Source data
━━━━━━

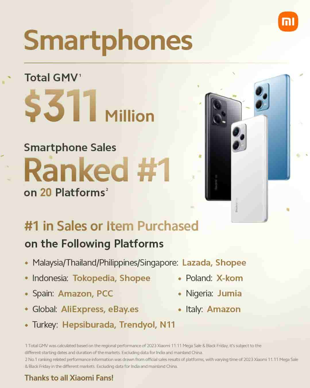 In the smartphone sale itself, the brand received the highest GMV of $311 million and was ranked 1st on 20 platforms. Xiaomi was ranked 1st in sales or items purchased on platforms such as Lazada & Shopee (of Malaysia, Thailand, Philippines, & Singapore); Tokopedia & Shopee (of Indonesia); X-kom (of Poland); Amazon & PCC (of Spain); Jumia (of Nigeria); AliExpress & eBay.es (Global); Amazon (Italy); and Hepsiburada, Trendyol, & N11 (of Turkey).
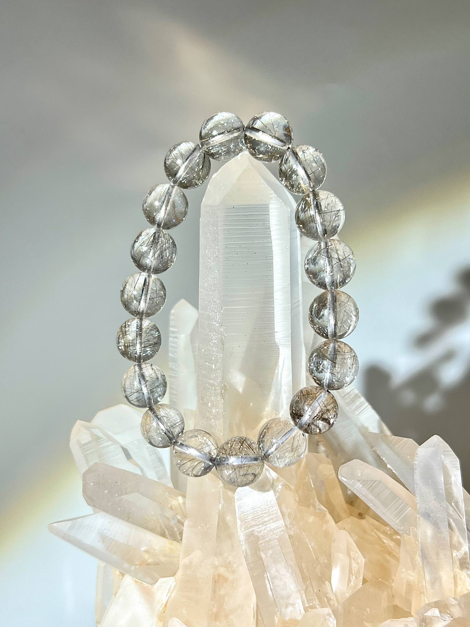此手串融合了兩種高頻髮晶能量:銀髮晶對應頂輪,連結宇宙智慧與靈感;魔鬼髮晶對應臍輪,強化行動力與現實顯化。兩者以通透玻璃體為基底,象徵著「從靈感下載到落地實現」的完整通道,適合追求精神成長同時需要務實成就的佩戴者。」
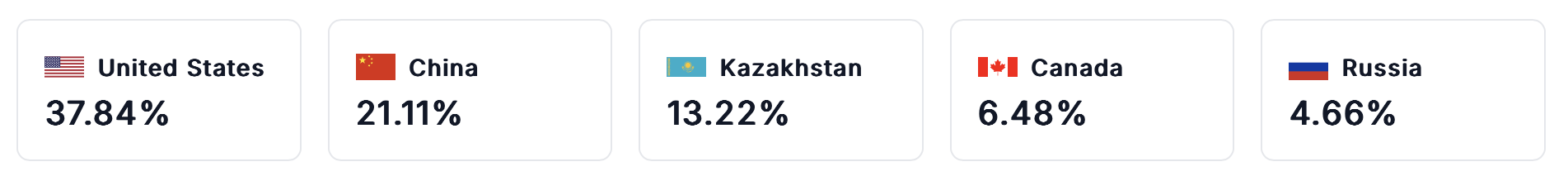 После запрета Китая на майнинг Биткоин в 2021 году большая часть хеш-мощности отрасли мигрировала в США, на долю которых в настоящее время приходится около 37% глобального хешрейта Биткоин, что делает их крупнейшим центром майнинга в мире. Шесть из десяти крупнейших публичных горнодобывающих компаний мира базируются в США.
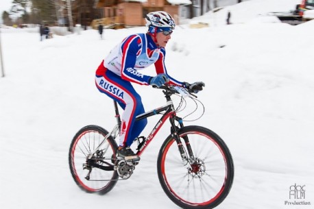 - Уже после первого поворота стало понятно, что совсем скоро под ногами будет снежная каша. Устал очень сильно, но времени передохнуть не было: шлем, велосипед - и на старт велоэтапа! 2 круга по 3 км. Здесь пошло все более-менее гладко, удалось даже немного перевести дух, только вот беда в том, что последние 500 м круга проходили по тому месту, где мы бежали. Велосипед не ехал в гору, а на втором круге даже и с горы, так и катил его рядом до транзитки.
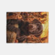 Profitez du charme rustique de l'automne avec notre superbe couverture présentant un adorable petit labrador au chocolat dans un champ de moisson alors que le soleil se couche dans l'arrière - plan.

━━━━━━

▸ Your objective
Restate each entry word for word; pictures stay out of the copy.

▸ Exercise solution
 In the smartphone sale itself, the brand received the highest GMV of $311 million and was ranked 1st on 20 platforms. Xiaomi was ranked 1st in sales or items purchased on platforms such as Lazada & Shopee (of Malaysia, Thailand, Philippines, & Singapore); Tokopedia & Shopee (of Indonesia); X-kom (of Poland); Amazon & PCC (of Spain); Jumia (of Nigeria); AliExpress & eBay.es (Global); Amazon (Italy); and Hepsiburada, Trendyol, & N11 (of Turkey).
此手串融合了兩種高頻髮晶能量:銀髮晶對應頂輪,連結宇宙智慧與靈感;魔鬼髮晶對應臍輪,強化行動力與現實顯化。兩者以通透玻璃體為基底,象徵著「從靈感下載到落地實現」的完整通道,適合追求精神成長同時需要務實成就的佩戴者。」
 После запрета Китая на майнинг Биткоин в 2021 году большая часть хеш-мощности отрасли мигрировала в США, на долю которых в настоящее время приходится около 37% глобального хешрейта Биткоин, что делает их крупнейшим центром майнинга в мире. Шесть из десяти крупнейших публичных горнодобывающих компаний мира базируются в США.
 - Уже после первого поворота стало понятно, что совсем скоро под ногами будет снежная каша. Устал очень сильно, но времени передохнуть не было: шлем, велосипед - и на старт велоэтапа! 2 круга по 3 км. Здесь пошло все более-менее гладко, удалось даже немного перевести дух, только вот беда в том, что последние 500 м круга проходили по тому месту, где мы бежали. Велосипед не ехал в гору, а на втором круге даже и с горы, так и катил его рядом до транзитки.
 Profitez du charme rustique de l'automne avec notre superbe couverture présentant un adorable petit labrador au chocolat dans un champ de moisson alors que le soleil se couche dans l'arrière - plan.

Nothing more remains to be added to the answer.